The characteristics of the test persons were very different in this study. Especially the different physical conditions and training levels should be emphasized, which made a controlled execution of the exercises difficult due to a lack of coordination and jumping power. Having this wide range of subjects reinforces the high correlations. Nevertheless, it leaves room to examine the results in detail under the aspects of age, gender, and weight in order to be able to make even more specific statements.
5. Conclusions
The study shows that the accelerations measured at the pelvis during jumping exercises can be tracked very well on the upper body and upper extremities. It sets a basis regarding the kinematic relationships of different body segments during these jumping exercises. This includes the locations where smart wearable devices are typically worn, such as the wrist (smartwatch) or sternum (chest strap). Sensors positioned at the thighs do not offer as good correlations as the upper body and extremities but are still strong. If attention is paid to the correct execution of the exercise, the sensor placement is almost arbitrarily variable. These results suggest that these jumping exercises can be used in possible wearable app combinations to assist with the execution and provide important information regarding impact. As shown in past studies, these jumping exercises are sufficient to have a positive effect on BMD. The impact forces and the exact preventive kinetic mechanisms regarding osteoporosis are difficult to deduce from the accelerations measured at the upper body. Therefore, possible further kinematic and kinetic correlations are to be clarified in future investigations.
Author Contributions
Conceptualization, L.R., D.B., S.U. and S.D.; methodology, L.R.; software, L.R.; validation, L.R.; formal analysis, L.R.; investigation, L.R. and D.B.; resources, L.R. and S.U.; data curation, L.R.; writing—original draft preparation, L.R.; writing—review and editing, L.R., D.B., R.B., S.U. and S.D.; visualization, L.R.; supervision, S.D.; project administration, L.R. All authors have read and agreed to the published version of the manuscript.
Funding
This work was supported by the Bavarian Academic Forum [BayWISS-Verbundkolleg Gesundheit] and the DHZK fond for behavioral cardiovascular diseases [Behaviorale kardiovaskuläre Erkrankungen; grand number: 81Z0400105].

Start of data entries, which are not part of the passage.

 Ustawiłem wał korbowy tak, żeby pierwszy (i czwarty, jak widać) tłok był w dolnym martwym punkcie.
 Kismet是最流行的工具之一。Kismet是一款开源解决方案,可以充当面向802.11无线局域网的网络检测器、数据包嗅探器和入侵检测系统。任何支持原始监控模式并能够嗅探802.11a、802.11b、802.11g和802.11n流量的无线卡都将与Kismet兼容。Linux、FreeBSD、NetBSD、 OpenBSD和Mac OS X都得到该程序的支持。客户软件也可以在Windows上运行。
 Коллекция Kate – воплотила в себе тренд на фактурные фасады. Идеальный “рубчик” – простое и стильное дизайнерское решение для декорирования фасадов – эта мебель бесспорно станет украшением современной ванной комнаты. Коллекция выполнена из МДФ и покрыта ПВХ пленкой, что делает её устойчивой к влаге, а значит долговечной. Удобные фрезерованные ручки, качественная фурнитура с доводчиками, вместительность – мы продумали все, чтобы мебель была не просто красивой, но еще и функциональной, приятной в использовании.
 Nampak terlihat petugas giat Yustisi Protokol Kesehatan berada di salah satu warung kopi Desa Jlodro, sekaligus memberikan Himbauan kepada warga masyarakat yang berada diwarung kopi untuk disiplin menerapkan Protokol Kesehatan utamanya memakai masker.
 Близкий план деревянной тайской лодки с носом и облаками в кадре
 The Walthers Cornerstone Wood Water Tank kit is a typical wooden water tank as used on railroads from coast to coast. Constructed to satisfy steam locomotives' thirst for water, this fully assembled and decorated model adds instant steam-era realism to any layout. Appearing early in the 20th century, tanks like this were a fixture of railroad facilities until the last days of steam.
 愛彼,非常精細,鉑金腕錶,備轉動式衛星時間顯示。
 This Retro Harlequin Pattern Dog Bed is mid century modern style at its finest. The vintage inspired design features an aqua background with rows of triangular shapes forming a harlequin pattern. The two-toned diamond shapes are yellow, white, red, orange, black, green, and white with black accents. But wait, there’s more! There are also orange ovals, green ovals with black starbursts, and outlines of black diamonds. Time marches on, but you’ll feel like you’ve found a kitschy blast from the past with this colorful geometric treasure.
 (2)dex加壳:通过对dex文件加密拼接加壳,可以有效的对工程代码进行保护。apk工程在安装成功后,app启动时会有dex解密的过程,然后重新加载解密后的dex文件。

Institutional Review Board Statement
The study was conducted in accordance with the Declaration of Helsinki and approved by the Ethics Committee of UNIVERSITY OF REGENSBURG (protocol code: 21-2328-101, date of approval: 28.04.202l) and of GREIFSWALD UNIVERSITY MEDICINE (protocol code: BB142/21, date of approval: 13.10.2021).
Informed Consent Statement
Informed consent was obtained from all subjects involved in the study.

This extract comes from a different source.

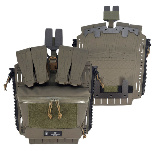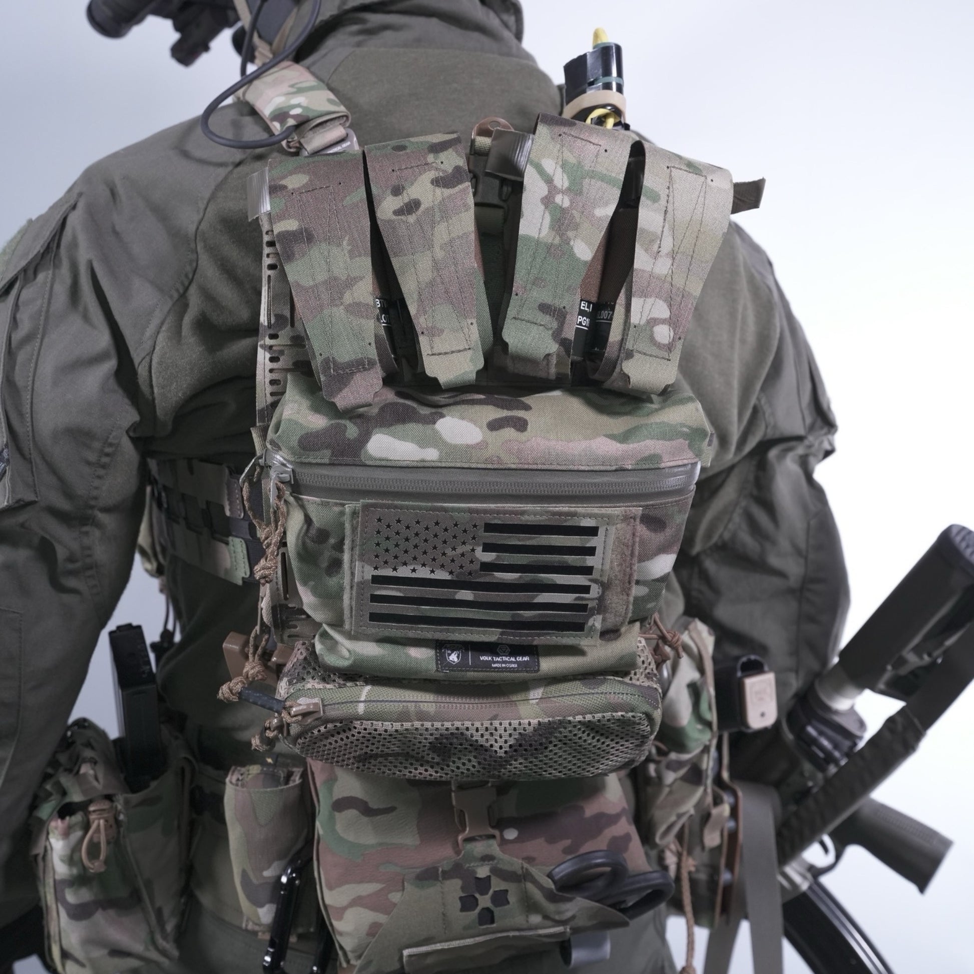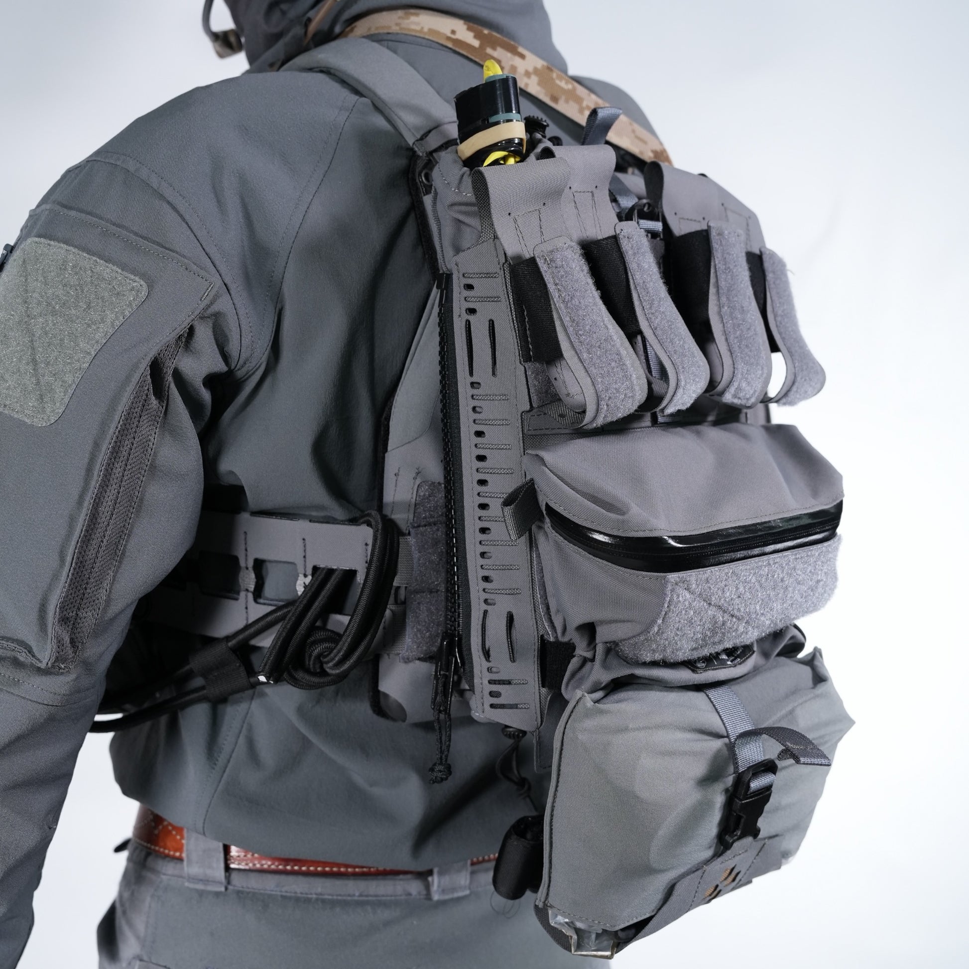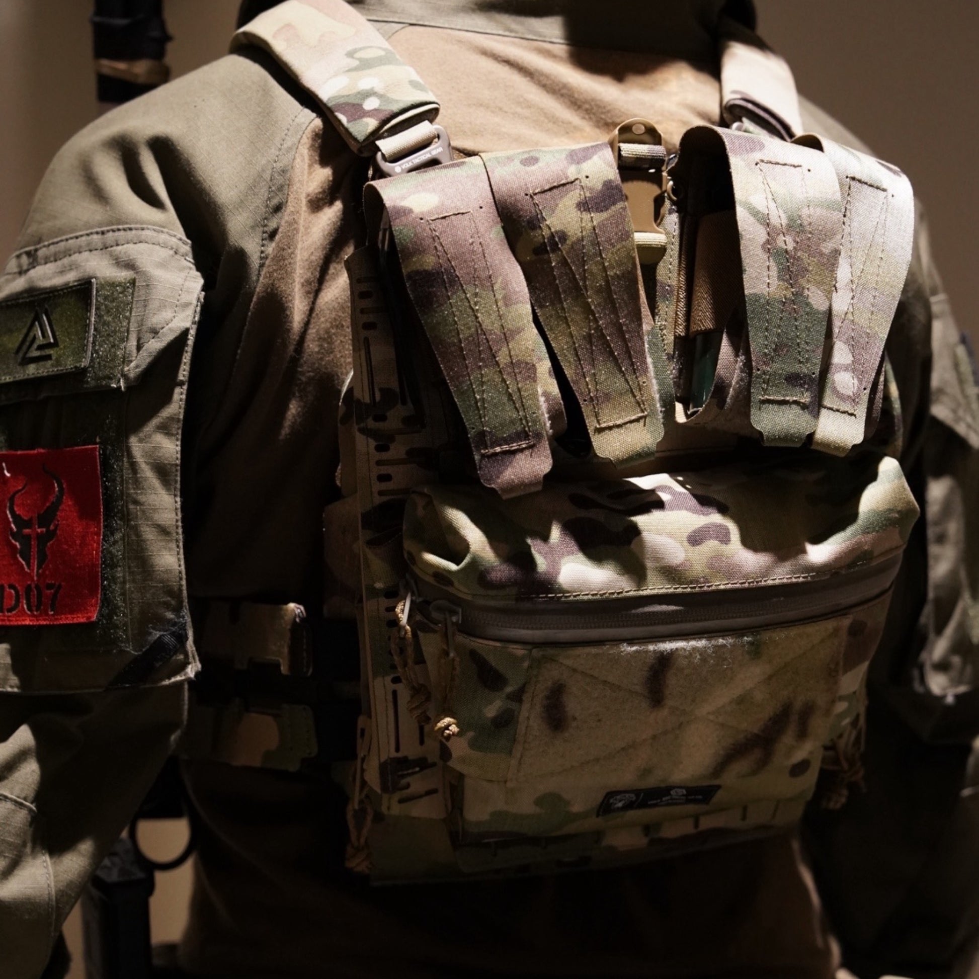 CyreのZIP-on規格を採用しており、弊社製DPC (ダガープレートキャリア)、SBPC (サタンズビートルプレートキャリア)、Crye社製AVSなど、Cyre ZIP-on規格採用のプレートキャリアに装着可能です。

Data Availability Statement
The data analyzed and presented in this study are available upon reasonable request from the corresponding author.
Acknowledgments
The authors would like to thank Simon Auer, Juliane Bauer, Michael Kögler and Maximilian Melzner for assisting with participant inclusion and data acquisition during this research study and finally all participants who took part in this study.
Conflicts of Interest
The authors declare no conflict of interest.